Exercise in exact copying: restate word for word only the lines below from the one containing "He did not open" through the one containing "Хлоргексидин биглюконат 2%", omitting any pictures.

▶ _Data records_
-*-*-

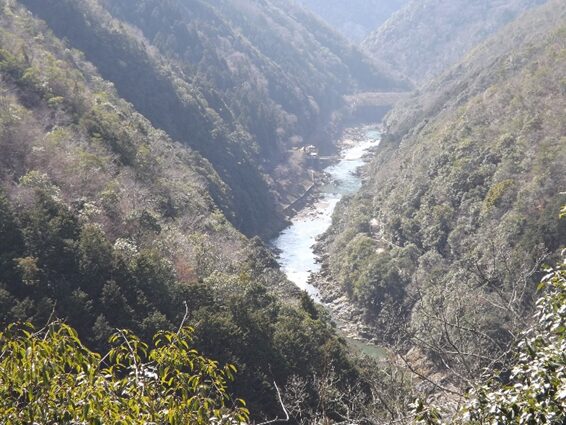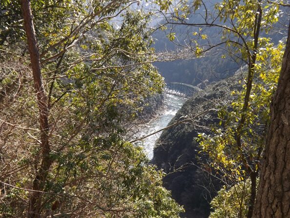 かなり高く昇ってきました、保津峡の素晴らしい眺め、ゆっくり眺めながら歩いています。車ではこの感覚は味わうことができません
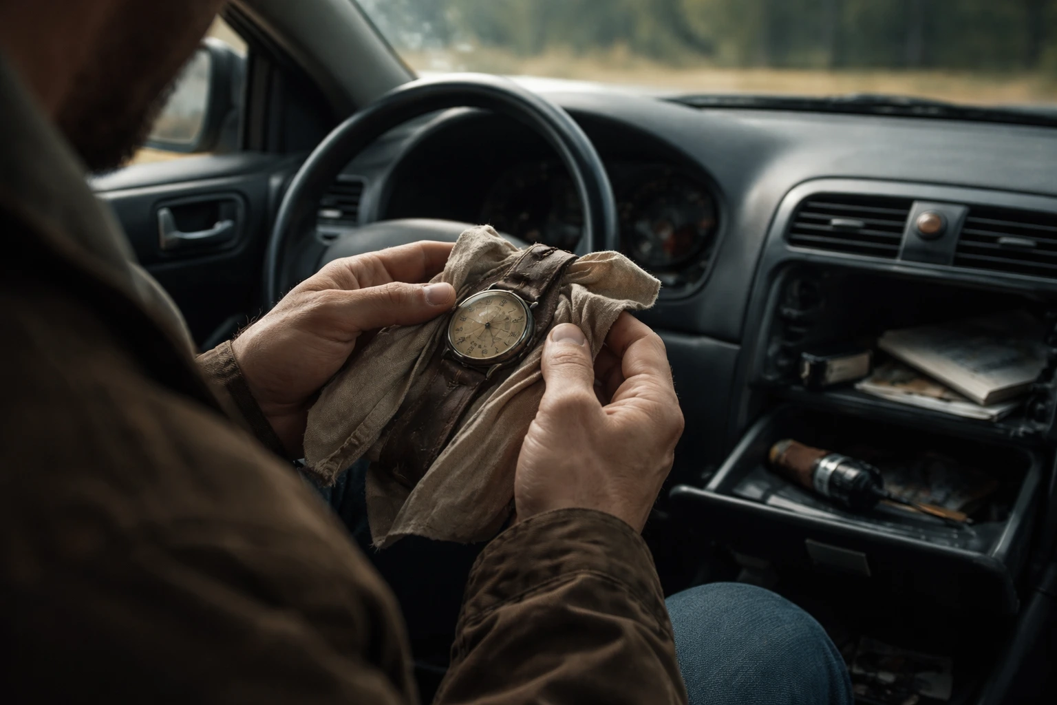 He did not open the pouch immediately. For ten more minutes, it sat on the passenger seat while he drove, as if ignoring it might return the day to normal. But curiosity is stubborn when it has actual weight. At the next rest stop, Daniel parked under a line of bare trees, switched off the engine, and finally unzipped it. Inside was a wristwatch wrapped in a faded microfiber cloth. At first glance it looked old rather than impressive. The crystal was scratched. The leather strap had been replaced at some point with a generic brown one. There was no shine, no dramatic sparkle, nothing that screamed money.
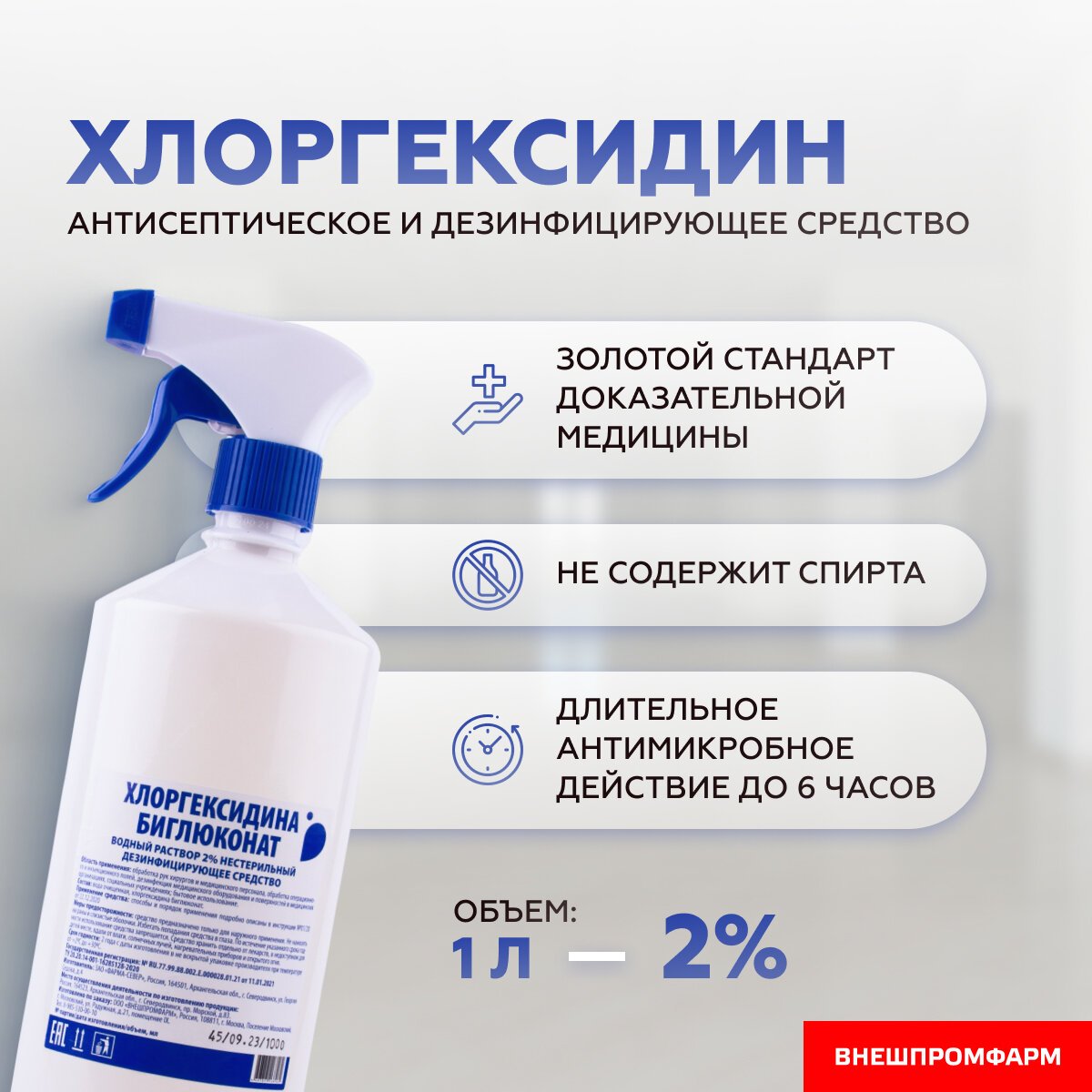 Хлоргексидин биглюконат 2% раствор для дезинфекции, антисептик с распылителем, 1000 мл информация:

-*-*-

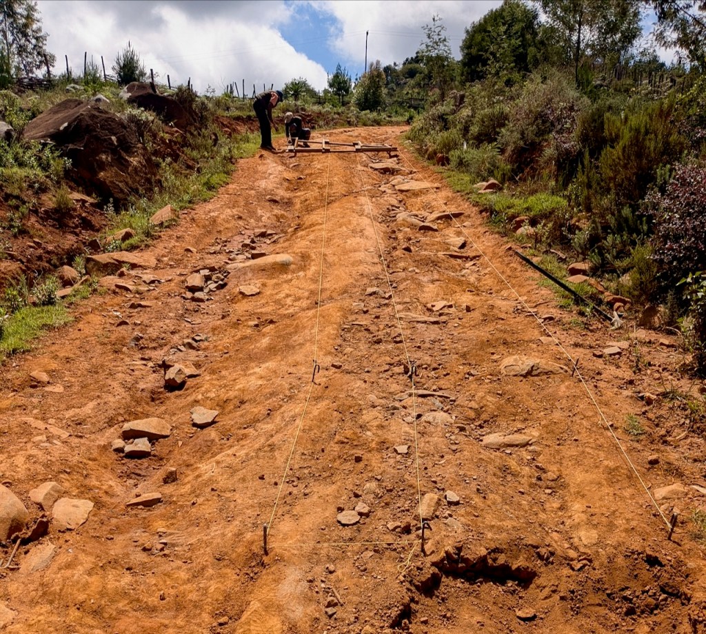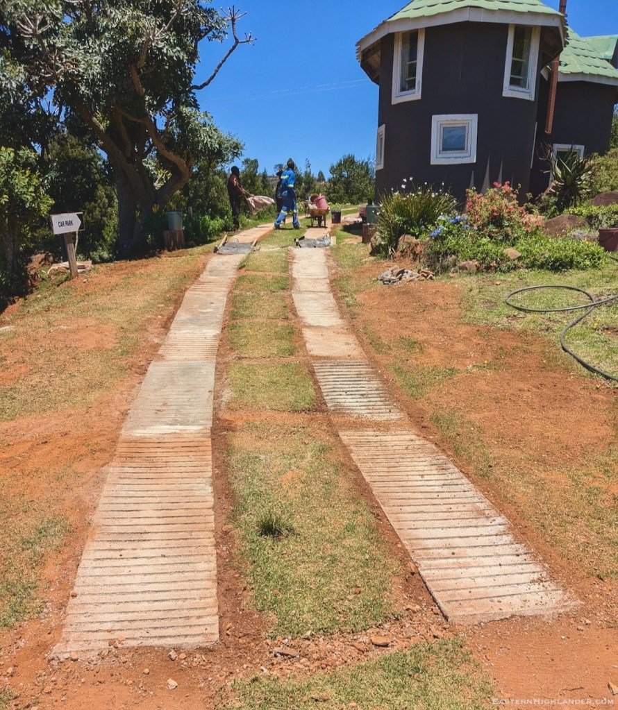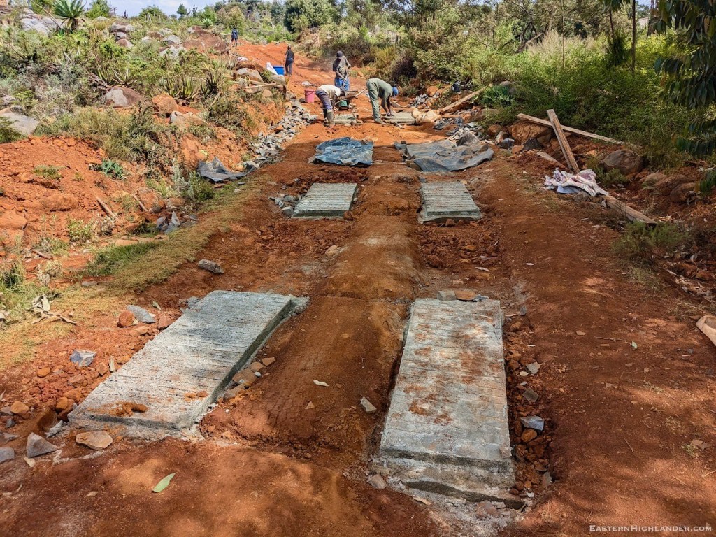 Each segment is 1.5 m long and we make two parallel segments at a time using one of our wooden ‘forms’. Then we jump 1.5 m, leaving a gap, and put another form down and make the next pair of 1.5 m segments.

-*-*-

▶ _Answer space_
 He did not open the pouch immediately. For ten more minutes, it sat on the passenger seat while he drove, as if ignoring it might return the day to normal. But curiosity is stubborn when it has actual weight. At the next rest stop, Daniel parked under a line of bare trees, switched off the engine, and finally unzipped it. Inside was a wristwatch wrapped in a faded microfiber cloth. At first glance it looked old rather than impressive. The crystal was scratched. The leather strap had been replaced at some point with a generic brown one. There was no shine, no dramatic sparkle, nothing that screamed money.
 Хлоргексидин биглюконат 2% раствор для дезинфекции, антисептик с распылителем, 1000 мл информация:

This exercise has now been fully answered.